Und: Achten Sie gerade im Winter darauf, dass Ihre Hände nicht noch mehr austrocknen. Heizungsluft und eine geringe Luftfeuchte können die Austrocknung der Haut weiter verstärken. Handschuhe schützen die gereizte Haut vor eisigen Temperaturen.

Eine gute Basispflege und Hautschutz sind also immer wichtig – cremen Sie regelmäßig und machen Sie es zu Ihrer Routine.

Hautschutz Handekzem

Tipp: Tun Sie sich und Ihren trockenen Händen etwas Gutes, indem Sie sich abends vor dem Schlafengehen die Hände mit einer stark rückfettenden Creme eincremen. Um Ihre Bettwäsche zu schützen und die feuchtigkeitsspendende Wirkung der Creme zu verstärken, können Sie ggf. Baumwollhandschuhe darüber tragen. Und bitte nicht vergessen: Handgelenke und Fingerzwischenräume immer mit eincremen.
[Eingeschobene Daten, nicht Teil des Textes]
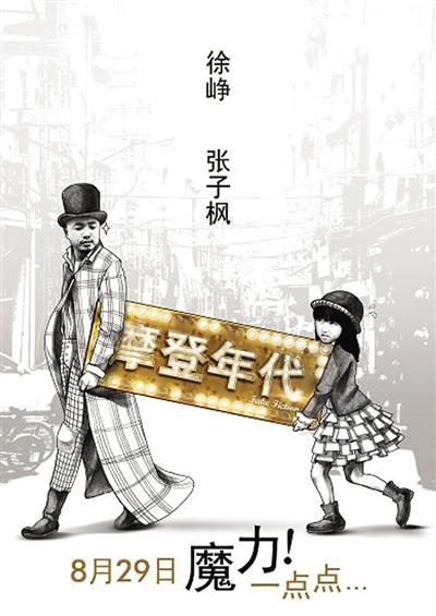 在海报中,一身老派魔术师打扮的徐峥痞气十足,回头张望童星张子枫的眼神也颇有些不耐烦,张子枫则亦步亦趋跟着,丝毫不敢松懈。海报上两人扛着的“魔术道具”箱上恰好就是《摩登年代》的片名,黑白卡通风格的画面,则洋溢着一股复古Style,同时也是在向喜剧大师卓别林的经典幽默片名作致敬,资深影迷一定会由此引发会心的一笑。
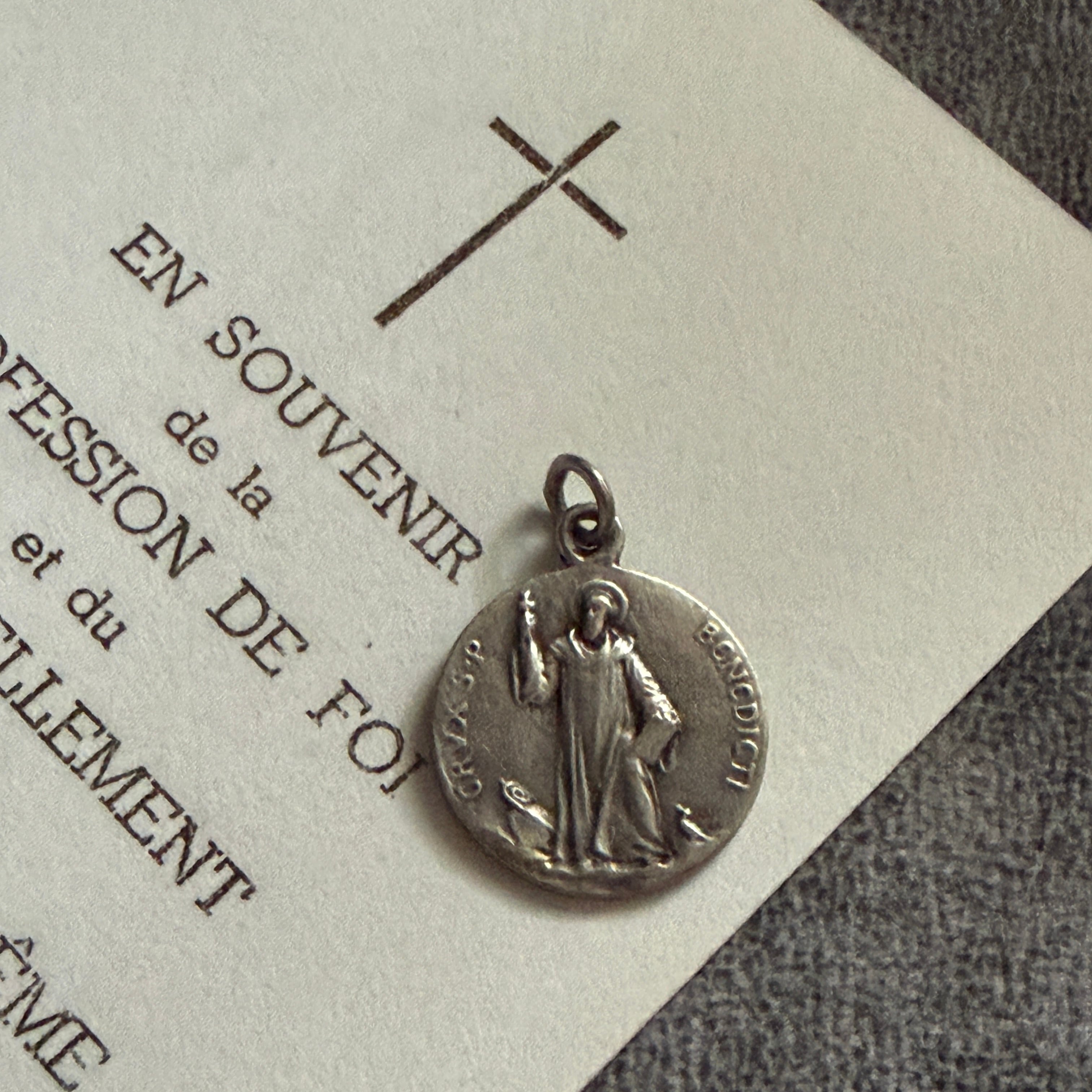 一般的なベネディクトのメダイに見られるデザインとは違い、こちらは聖人そのものの姿が丁寧に表現された、やや珍しい意匠。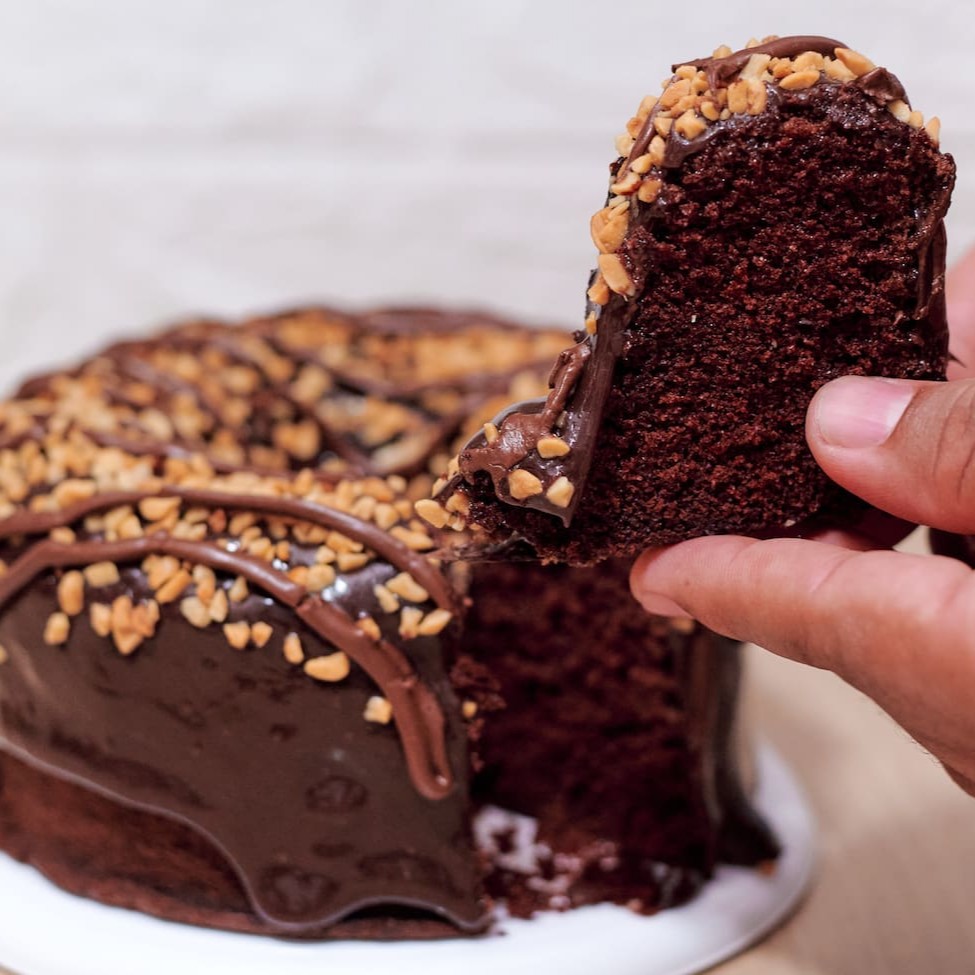 Fofinho, úmido e irresistível! Massa de chocolate, cobertura cremosa, crocância do amendoim triturado e finalização com creme de avelã. Uma explosão de sabor para ninguém botar defeito. Rende em média 8 fatias (aprox. 700g).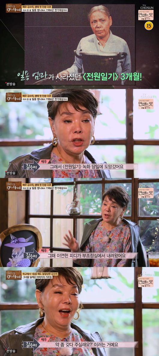 김수미의 용기는 대단했다. 장수 드라마의 대표격인 '전원일기'를 그만두겠다고 말했다. 제작진의 설득과 회유에도 김수미는 꿋꿋하게 지겨웠던 '전원일기'를 그만두겠다고 했다.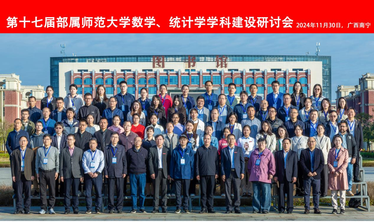 11月30日至12月1日,第十七届部属师范大学数学、统计学团队建设研讨会在南宁师范大学武鸣校区顺利举行,此次会议由公司主办,南宁师范大学、广西数学学会承办,会议的主题是“聚焦国家发展战略和深化教育综合改革形势,探讨师范大学数学及统计学学科发展的困境和出路,交流公费师范生本研衔接的培养策略”,来自北京师范大学、华东师范大学、东北师范大学、华中师范大学、陕西师范大学、bevictor1946韦德官网以及南宁师范大学、北部湾大学的60余位专家学者和学科负责人参会。公司党委书记唐宇、经理刘贤宁、党委副书记田春荣、副经理王建军以及教学秘书、部分辅导员参会。

Hände desinfizieren Handekzem

 

 

 

 

 

 

 

 

 

Besser desinfizieren als zu häufig waschen.

Fazit – Wissen auf den Punkt gebracht

  • Verwenden Sie seifenfreie und pH-hautneutrale Reinigungsmittel und Pflegeprodukte ohne Duft-, Farb- oder Konservierungsstoffe

  • Trocknen Sie Ihre Hände nach dem Waschen gut ab

  • Verzichten Sie möglichst auf Schmuck an Unterarmen und Händen (Armbanduhren, Ringe etc.)

  • Wenn Sie wasserfeste Handschuhe tragen müssen, schützen Sie sie darunter mit Baumwollhandschuhen und tragen Sie die Handschuhe maximal 2 Stunden am Stück

  • Benutzen Sie rückfettendes Desinfektionsmittel, das schont die Hände im Gegensatz zum Waschen

  • Auch durch genügend trinken helfen Sie Ihrer Haut zu mehr Feuchtigkeit

  • Sehr wichtig: Hände regelmäßig (nach dem Waschen, in Arbeitspausen und vor dem Schlafengehen) eincremen

  • Wenn sich die Symptome nicht bessern oder Sie eine Entzündung vermuten, scheuen Sie sich nicht, zügig zum Arzt zu gehen

Wir hoffen, dass wir Ihnen mit dieser Broschüre viele hilfreiche Tipps für einen erfolgreichen Umgang mit dem Handekzem geben können.

Falls Sie weitere Fragen haben, wenden Sie sich vertrauensvoll an Ihren Arzt oder Apotheker.